*** Dataset section ***

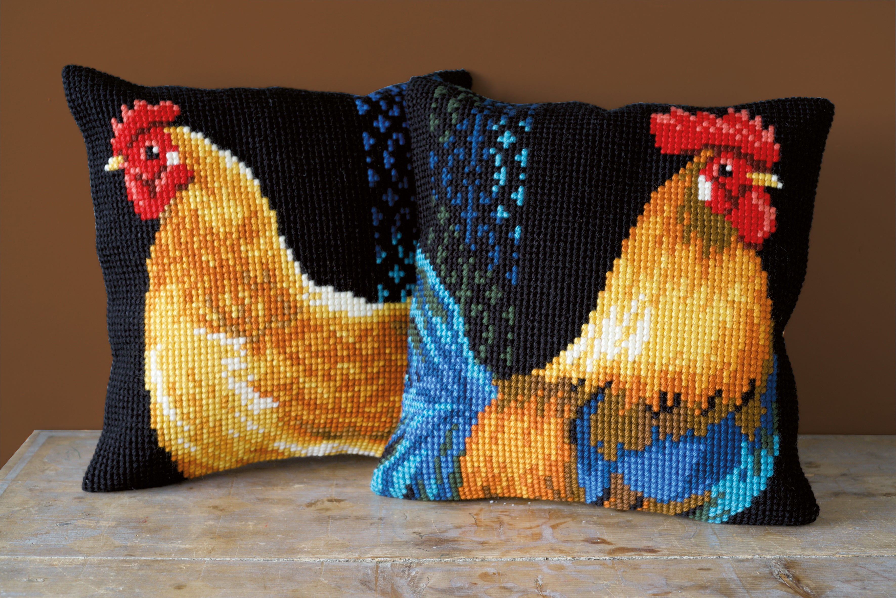 - Kit includes: hand-painted, cotton, large hole canvas fabric (18 holes/10cm, 4.5 stitches/inch); thick acrylic yarn; needle, frontsheet picture; instructions in 8 languages (EN, NL, FR, GER, IT, SP, RU, SW).
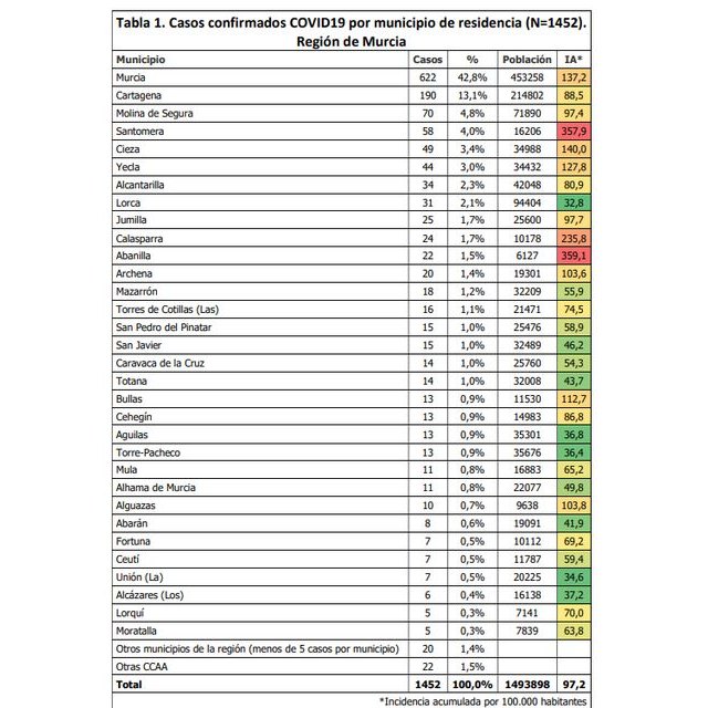 En la Región de Murcia hasta la fecha del informe se han registrado 1520 casos confirmados de infección por COVID-19. El primer caso se declaró el 6 de marzo y se confirmó como positivo el 8 de marzo.
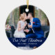 Elegant Calligraphy Our First Christmas Blue Ceramic Ornament

***

What you are asked to do →
Print the data above exactly; drop every picture.

Result for this task →
 - Kit includes: hand-painted, cotton, large hole canvas fabric (18 holes/10cm, 4.5 stitches/inch); thick acrylic yarn; needle, frontsheet picture; instructions in 8 languages (EN, NL, FR, GER, IT, SP, RU, SW).
 En la Región de Murcia hasta la fecha del informe se han registrado 1520 casos confirmados de infección por COVID-19. El primer caso se declaró el 6 de marzo y se confirmó como positivo el 8 de marzo.
 Elegant Calligraphy Our First Christmas Blue Ceramic Ornament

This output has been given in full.